→ Given records:

══════════════════════════════

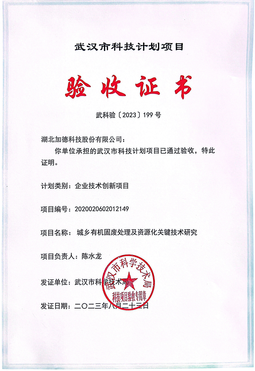 “城鄉(xiāng)有機固廢處理及資源化關(guān)鍵技術(shù)研究”驗收證書
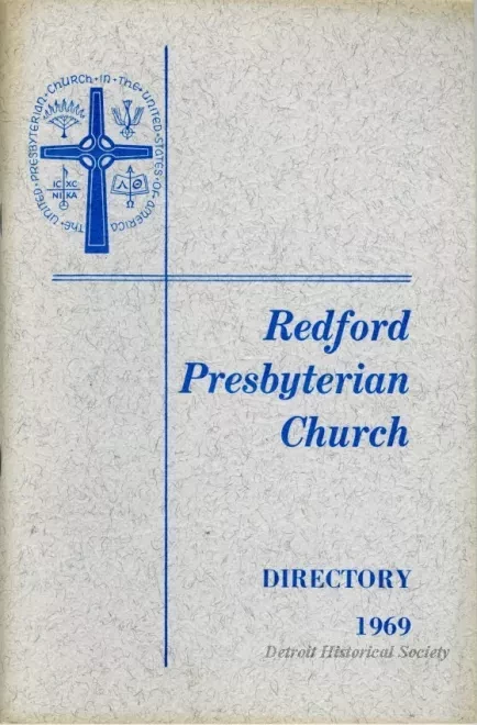 Click to enlarge 2009.090.013 Directory, Membership Membership directory for Redford Presbyterian Church. Date 1969 Collection Religion Extent of Description 6" x 9" 88 pages Search Terms Redford Avenue Presbyterian, Presbyterian, Churches Request Image
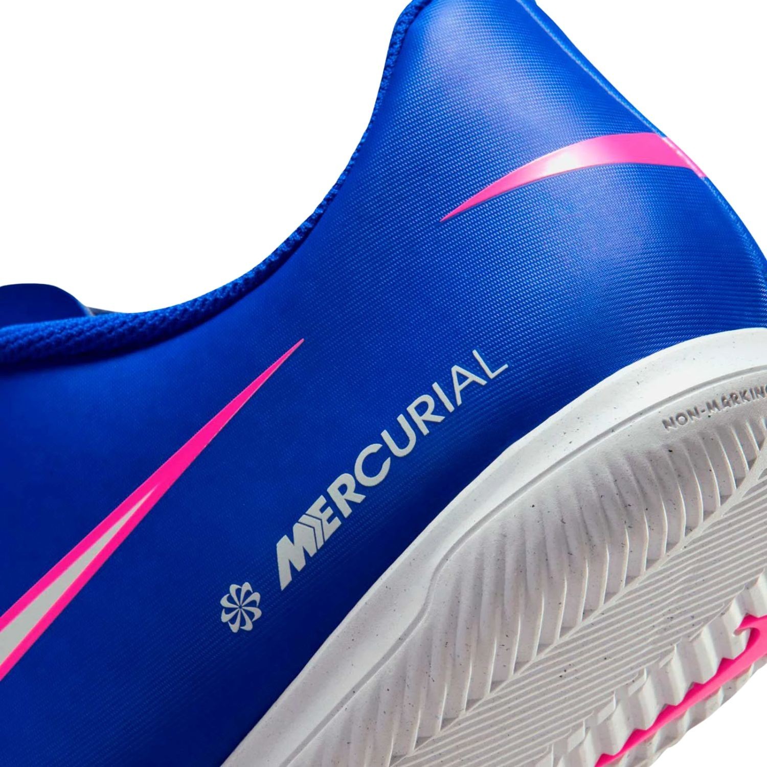 Lleva tu velocidad también al fútbol de sala con las Mercurial Vapor 16 Club. Diseñadas para responder en superficies interiores, ofrecen un ajuste cómodo y seguro que envuelve el pie, garantizando estabilidad en cada cambio de ritmo. Su construcción ligera favorece la agilidad, mientras que la suela de goma optimizada proporciona tracción confiable en canchas indoor y superficies planas.
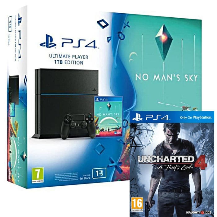 Bon plan intéressant si vous souhaitez vous achetez la console PS4 avec le jeu No Man’s Sky car actuellement le jeu Uncharted 4 est offert avec ! Mais ce n’est pas tout, d’autres packs sont disponibles :
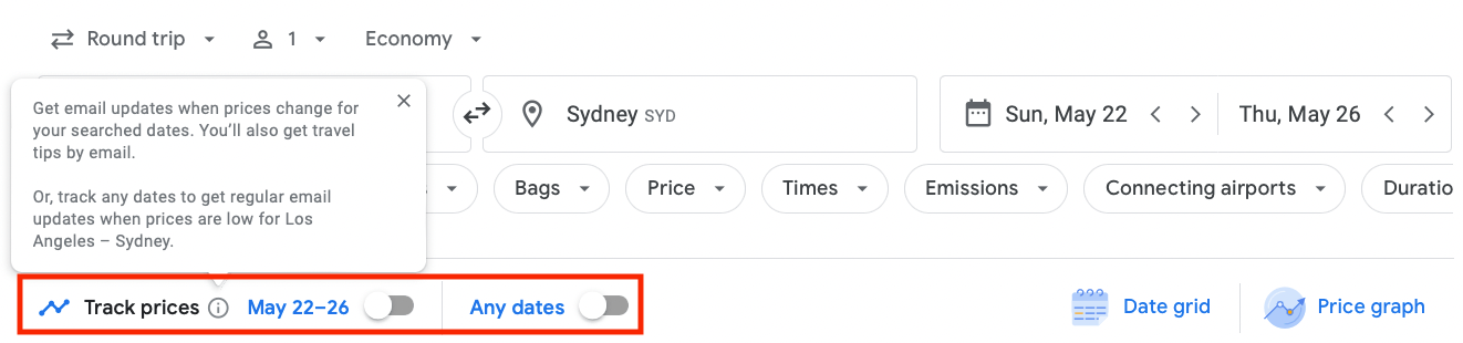 If the flight you’re considering does appear to be expensive, Google Flights also features a price tracker alert system that will email you when fares drop. You can toggle this feature on within the search bar.

══════════════════════════════

→ Exercise description: An exact copy of the material is required, minus the pictures.

→ Result below:
 “城鄉(xiāng)有機固廢處理及資源化關(guān)鍵技術(shù)研究”驗收證書
 Click to enlarge 2009.090.013 Directory, Membership Membership directory for Redford Presbyterian Church. Date 1969 Collection Religion Extent of Description 6" x 9" 88 pages Search Terms Redford Avenue Presbyterian, Presbyterian, Churches Request Image
 Lleva tu velocidad también al fútbol de sala con las Mercurial Vapor 16 Club. Diseñadas para responder en superficies interiores, ofrecen un ajuste cómodo y seguro que envuelve el pie, garantizando estabilidad en cada cambio de ritmo. Su construcción ligera favorece la agilidad, mientras que la suela de goma optimizada proporciona tracción confiable en canchas indoor y superficies planas.
 Bon plan intéressant si vous souhaitez vous achetez la console PS4 avec le jeu No Man’s Sky car actuellement le jeu Uncharted 4 est offert avec ! Mais ce n’est pas tout, d’autres packs sont disponibles :
 If the flight you’re considering does appear to be expensive, Google Flights also features a price tracker alert system that will email you when fares drop. You can toggle this feature on within the search bar.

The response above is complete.